» **Task goal**:
Please restate every entry exactly. Leave out the pictures.

» **Input**:
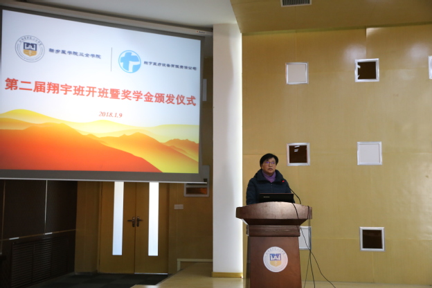 杜华贞代表学校向翔宇的大力支持表示衷心感谢。她说,近三年来,我校与翔宇医疗校企两家在实习就业基地建设、协同创新中心共建、高层次人才互聘、奖学金设立、组建翔宇班等方面的合作不断深化,双方的合作不仅获得了校方、企方双方的认可,而且作为河南省校区合作的示范项目获得了政府的大力支持。她指出,在未来校企双方合作要进一步拓宽领域,加大力度,共同促进学校和企业疗的发展,为地方经济社会发展服务。并要求同学们珍惜机会,积极实践,不断提高自己的技能水平。
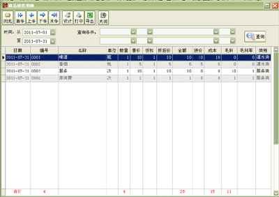 ·设置要查看的时间段,点统计就可以统计所 选时间段的营业情况
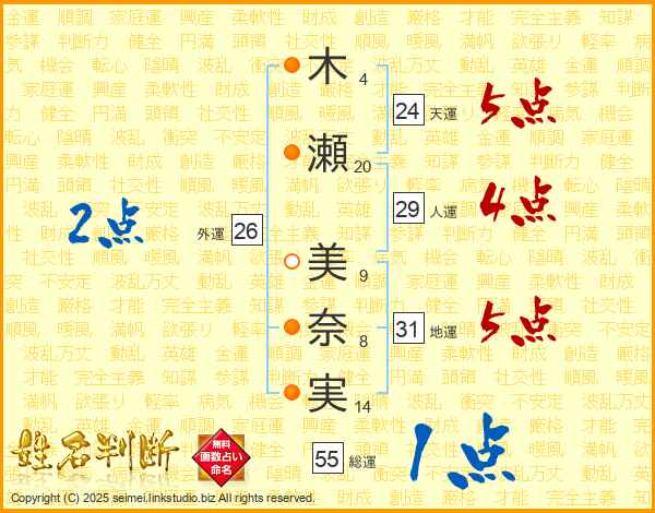 木(4画)瀬(20画) 美(9画)奈(8画)実(14画)
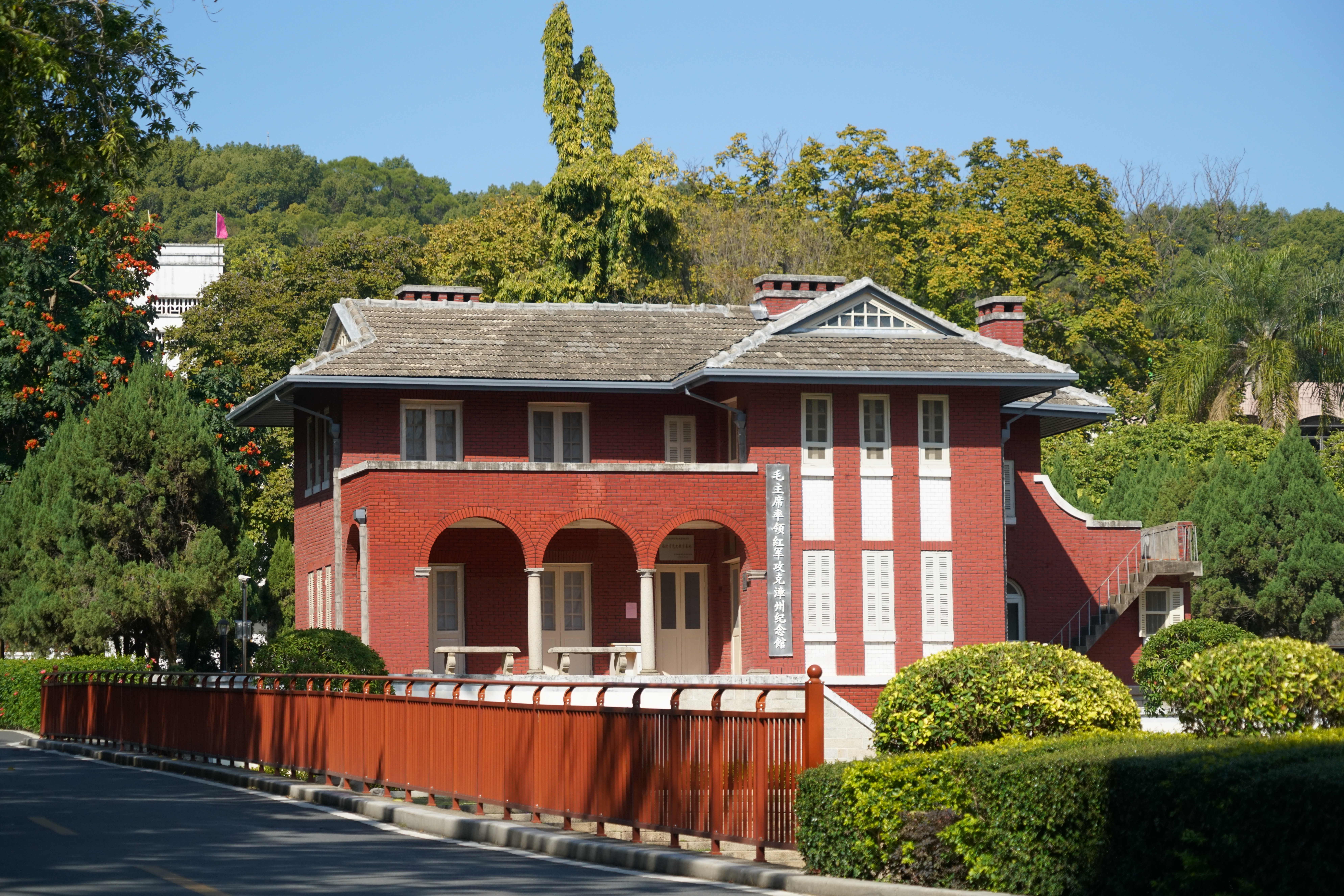 漳州市是福建省重要的革命蘇區(qū)老區(qū),歷史上多次發(fā)生對中國革命進程有重大影響的事件,紅色遺址眾多。薌城區(qū)芝山大院內(nèi)有座三層小洋樓是“毛主席率領(lǐng)紅軍攻克漳州紀念館”,人們親切地稱它為“芝山紅樓”。東征漳州勝利后,毛澤東同志便居住于此,指揮紅軍進漳期間各項工作。89年來,綠蔭掩映的芝山紅樓守護著漳州人的榮耀。
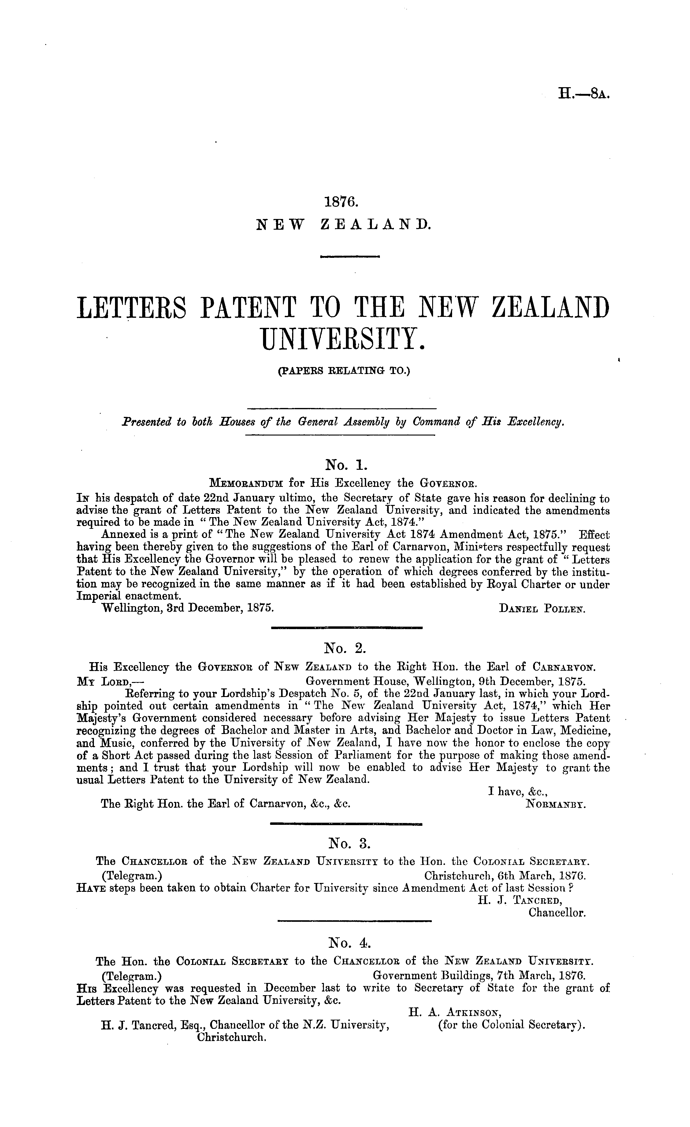 No. 3. The Chancellob of the New Zealand Univeesitt to the Hon. the Colonial Secketaet. (Telegram.) Christehurch, 6th March, 1876. Hate steps been taken to obtain Charter for University since Amendment Act of last Session ? H. J. Tanceed, Chancellor.
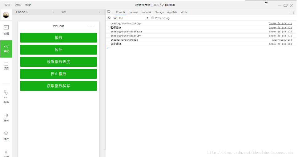 //index.wxml <button class="button-style" type="primary" bindtap="listenerButtonPlay">播放</button> <button class="button-style" type="primary" bindtap="listenerButtonPause">暂停</button> <button class="button-style" type="primary" bindtap="listenerButtonSeek">设置播放进度</button> <button class="button-style" type="primary" bindtap="listenerButtonStop">停止播放</button> <button class="button-style" type="primary" bindtap="listenerButtonGetPlayState">获取播放状态</button>
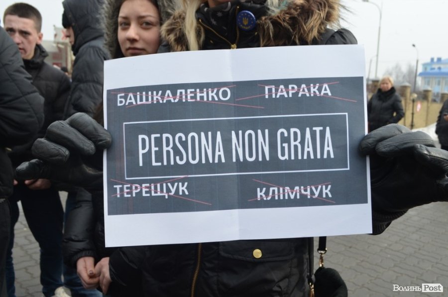 Так, персонами нон ґрата як основних «репресантів» попрохали визнати нового голову Волинської ОДА Олександра Башкаленка, екс-губернатора Волині Бориса Клімчука, прокурора Волині Андрія Параку та начальника УМВС Волині Олександра Терещука.
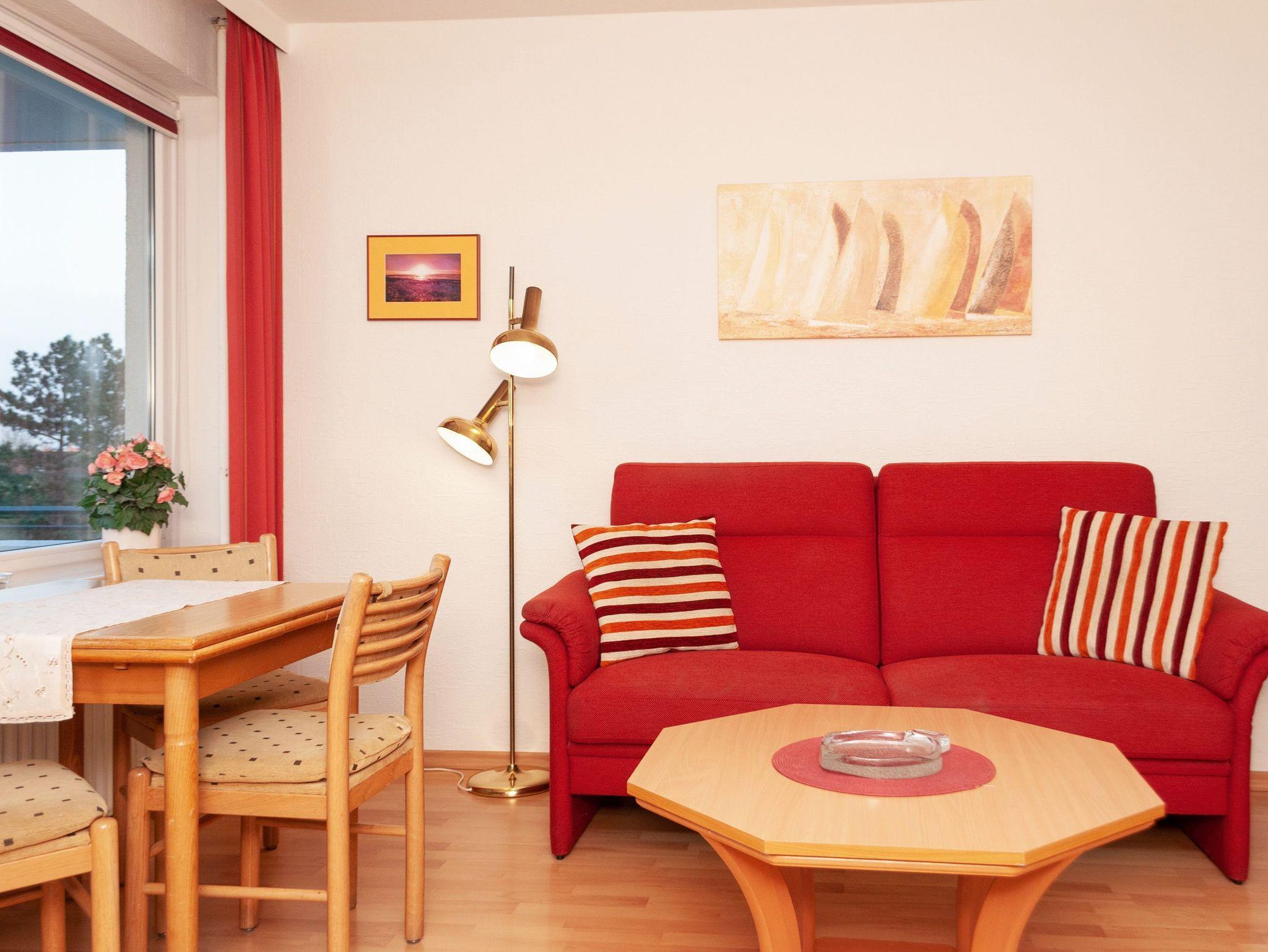 Das Apartment 412 ist ein 2-Raum-Apartment im 4. Obergeschoss für bis zu 4 Personen mit 50 qm. Der Ostbalkon mit Meerblick bietet Ihnen vormittags Sonne und nachmittags Schatten.
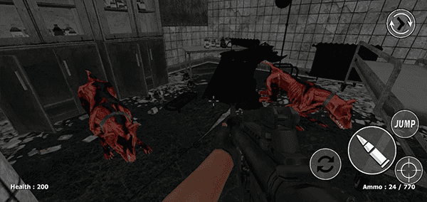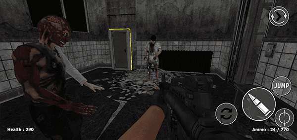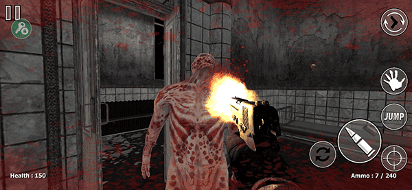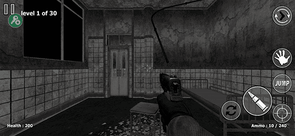 3、在游戏中玩家将利用手中的武器去击杀僵尸,左边屏幕控制移动,右边为换弹、射击、跳跃、瞄准按键
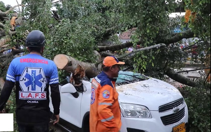 Gustavo Paba, coordinador de la Oficina Gestión del Riesgo en Ocaña, dijo a RCN " el municipio de Ocaña, enfrentó un fuerte aguacero durante 45 minutos en donde las lluvias originaron la caída de un árbol de 25 metros de altura en la avenida Francisco Fernández de Contreras sobre cuatro vehículos y en un local comercial en donde se encontraban varios niños".
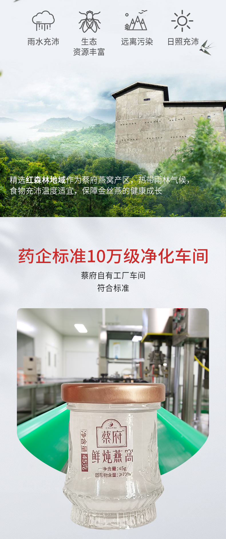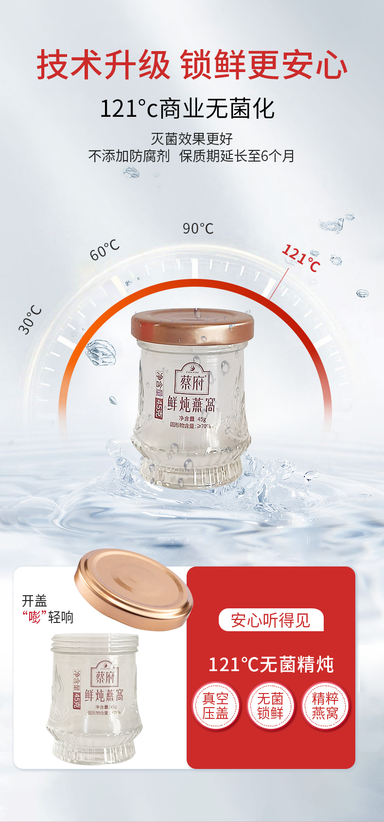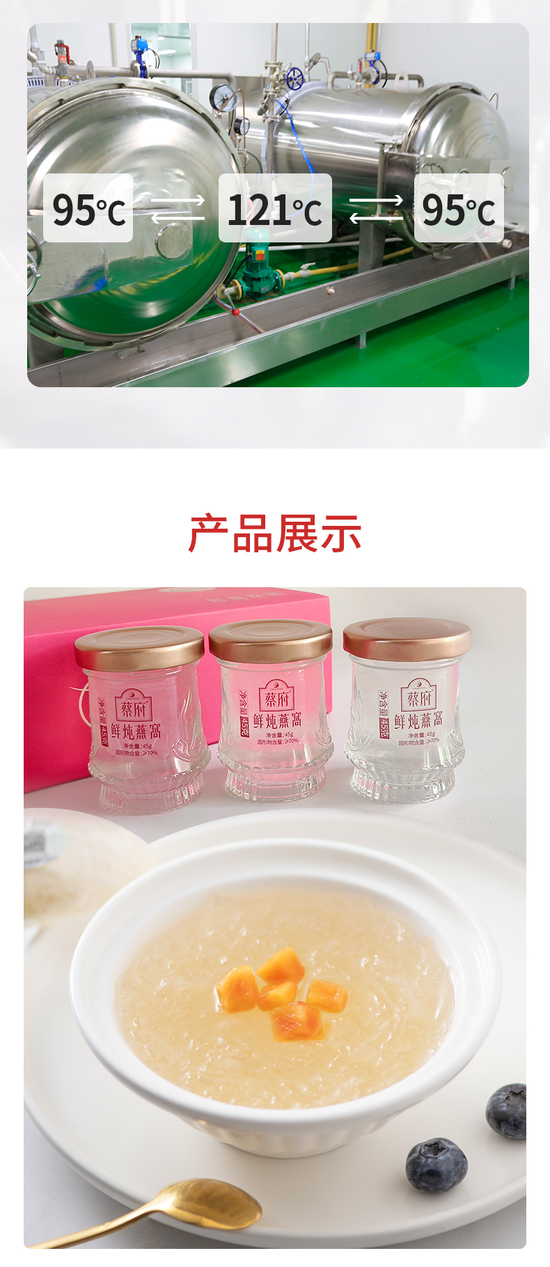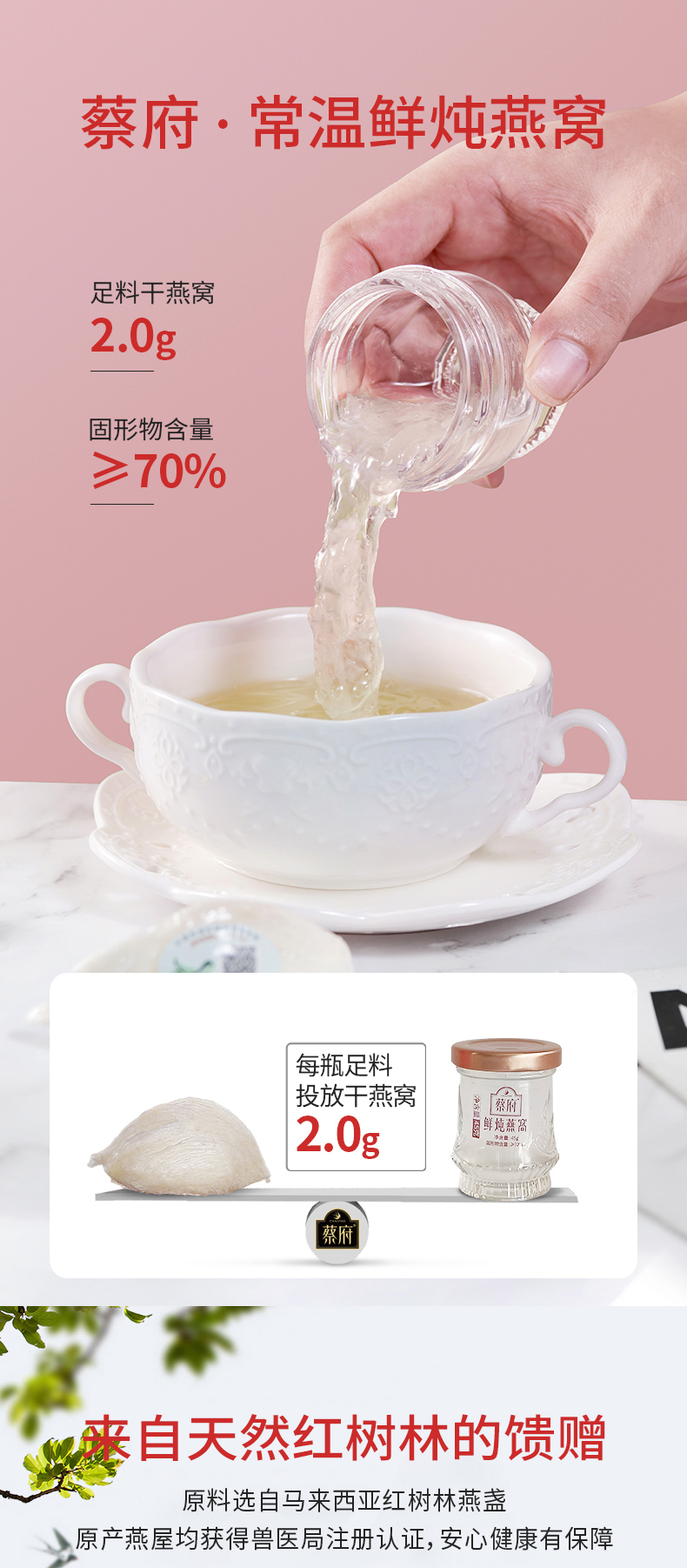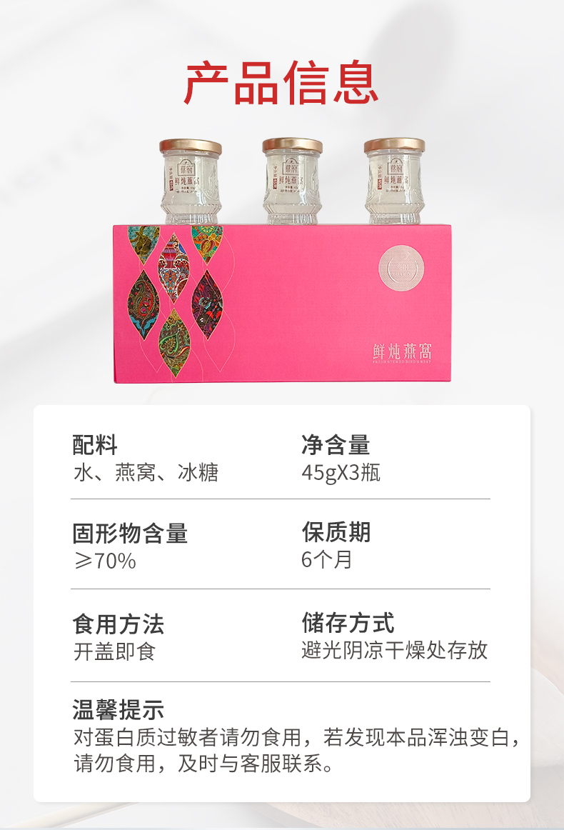 蔡府(CHAIFOO) 常温鲜炖滋补 即食燕窝 135g(45g*3瓶) 红色(单位:盒)

» **Output for this exercise**:
 杜华贞代表学校向翔宇的大力支持表示衷心感谢。她说,近三年来,我校与翔宇医疗校企两家在实习就业基地建设、协同创新中心共建、高层次人才互聘、奖学金设立、组建翔宇班等方面的合作不断深化,双方的合作不仅获得了校方、企方双方的认可,而且作为河南省校区合作的示范项目获得了政府的大力支持。她指出,在未来校企双方合作要进一步拓宽领域,加大力度,共同促进学校和企业疗的发展,为地方经济社会发展服务。并要求同学们珍惜机会,积极实践,不断提高自己的技能水平。
 ·设置要查看的时间段,点统计就可以统计所 选时间段的营业情况
 木(4画)瀬(20画) 美(9画)奈(8画)実(14画)
 漳州市是福建省重要的革命蘇區(qū)老區(qū),歷史上多次發(fā)生對中國革命進程有重大影響的事件,紅色遺址眾多。薌城區(qū)芝山大院內(nèi)有座三層小洋樓是“毛主席率領(lǐng)紅軍攻克漳州紀念館”,人們親切地稱它為“芝山紅樓”。東征漳州勝利后,毛澤東同志便居住于此,指揮紅軍進漳期間各項工作。89年來,綠蔭掩映的芝山紅樓守護著漳州人的榮耀。
 No. 3. The Chancellob of the New Zealand Univeesitt to the Hon. the Colonial Secketaet. (Telegram.) Christehurch, 6th March, 1876. Hate steps been taken to obtain Charter for University since Amendment Act of last Session ? H. J. Tanceed, Chancellor.
 //index.wxml <button class="button-style" type="primary" bindtap="listenerButtonPlay">播放</button> <button class="button-style" type="primary" bindtap="listenerButtonPause">暂停</button> <button class="button-style" type="primary" bindtap="listenerButtonSeek">设置播放进度</button> <button class="button-style" type="primary" bindtap="listenerButtonStop">停止播放</button> <button class="button-style" type="primary" bindtap="listenerButtonGetPlayState">获取播放状态</button>
 Так, персонами нон ґрата як основних «репресантів» попрохали визнати нового голову Волинської ОДА Олександра Башкаленка, екс-губернатора Волині Бориса Клімчука, прокурора Волині Андрія Параку та начальника УМВС Волині Олександра Терещука.
 Das Apartment 412 ist ein 2-Raum-Apartment im 4. Obergeschoss für bis zu 4 Personen mit 50 qm. Der Ostbalkon mit Meerblick bietet Ihnen vormittags Sonne und nachmittags Schatten.
 3、在游戏中玩家将利用手中的武器去击杀僵尸,左边屏幕控制移动,右边为换弹、射击、跳跃、瞄准按键
 Gustavo Paba, coordinador de la Oficina Gestión del Riesgo en Ocaña, dijo a RCN " el municipio de Ocaña, enfrentó un fuerte aguacero durante 45 minutos en donde las lluvias originaron la caída de un árbol de 25 metros de altura en la avenida Francisco Fernández de Contreras sobre cuatro vehículos y en un local comercial en donde se encontraban varios niños".
 蔡府(CHAIFOO) 常温鲜炖滋补 即食燕窝 135g(45g*3瓶) 红色(单位:盒)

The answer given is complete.